By Johann M Cherian and Bansari Mayur Kamdar

(Reuters) – Wall Street rallied on Wednesday, led by gains in rate-sensitive megacap growth stocks after data showed inflation cooled further in June and boosted hopes that the Federal Reserve was nearing the end of its monetary tightening cycle.

   U.S. consumer prices rose modestly in June and logged their smallest annual increase in more than two years as inflation continued to subside.

   The much awaited U.S. Labor Department report showed growth in core consumer prices, which excludes food and energy, eased to 4.8% from 5.3% in May on an annual basis. Economists had expected a 5% rise.      

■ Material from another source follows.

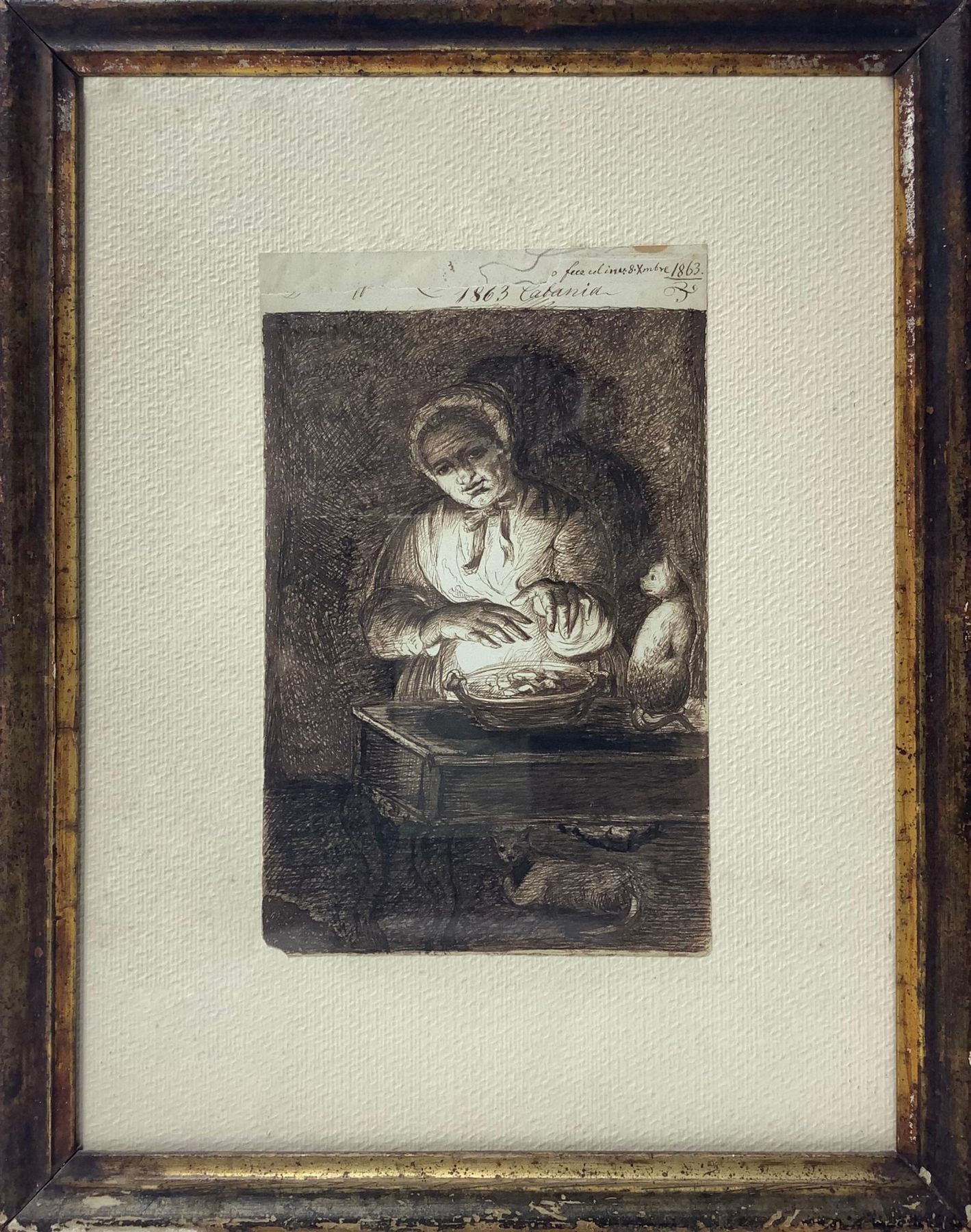 Disegno di autore ignoto raffigurante donna con gatto che si scalda. Disegno su carta a inchiostro marrone. Mm 270x172, con cornice 465x365. Datato in testa Catania 1873. Vivant Dominique Denon (Chalon-sur-Saône 1747- Paris 1825)

   In the 12 months through June, the consumer prices (CPI) advanced 3.0%. It was the smallest year-on-year increase since March 2021 and followed a 4.0% rise in May.

   An overwhelming majority of traders continue to expect the Fed to raise the benchmark rate to the range of 5.25%-5.5% later this month.

But market participants were now betting with a 26% probability that the central bank would lift short-term borrowing costs by 25 basis points in November this year, compared with a 34% probability before the data was reported.

“It means that even though the Federal Reserve has probably already talked itself into a corner needing to hike at the July meeting it may be the last one for this hiking cycle,” said Brian Jacobsen, chief economist at Annex Wealth Management.

At 11:30 a.m. ET, the Dow Jones Industrial Average was up 235.19 points, or 0.69%, at 34,496.61, the S&P 500 was up 40.61 points, or 0.91%, at 4,479.87, and the Nasdaq Composite was up 163.22 points, or 1.19%, at 13,923.92.

The Russell 2000 index, which houses smaller cap names, rose 0.9% to its highest since February 2023.

   Megacap growth and technology stocks such as Microsoft, and Tesla added between 1.8% and 1.3%.

   All 11 of the major S&P 500 sectors advanced, led by gains in communication services that added 1.5%.

   The CBOE Market Volatility Index, Wall Street’s fear gauge, hit over a one-week low at 13.64.

   Nvidia added 2.7% after the Financial Times reported that chip designer Arm is in talks to bring the megacap firm in as an anchor investor ahead of its planned listing.

VMware advanced 2.3% after Broadcom secured EU’s antitrust approval for its $61 billion proposed acquisition of the cloud computing firm.

U.S.-listed shares of Chinese firms Alibaba Group and Bilibili climbed 3% and 7.5%, respectively on more signs that Beijing was easing its crackdown on the technology sector.

The S&P 500 banks index rose 1.7% ahead of second-quarter earnings season, with Wall Street lenders expected to report higher profits.

Advancing issues outnumbered decliners by a 4.94-to-1 ratio on the NYSE and by a 2.53-to-1 ratio on the Nasdaq.

The S&P index recorded 62 new 52-week highs and two new lows, while the Nasdaq recorded 110 new highs and 28 new lows.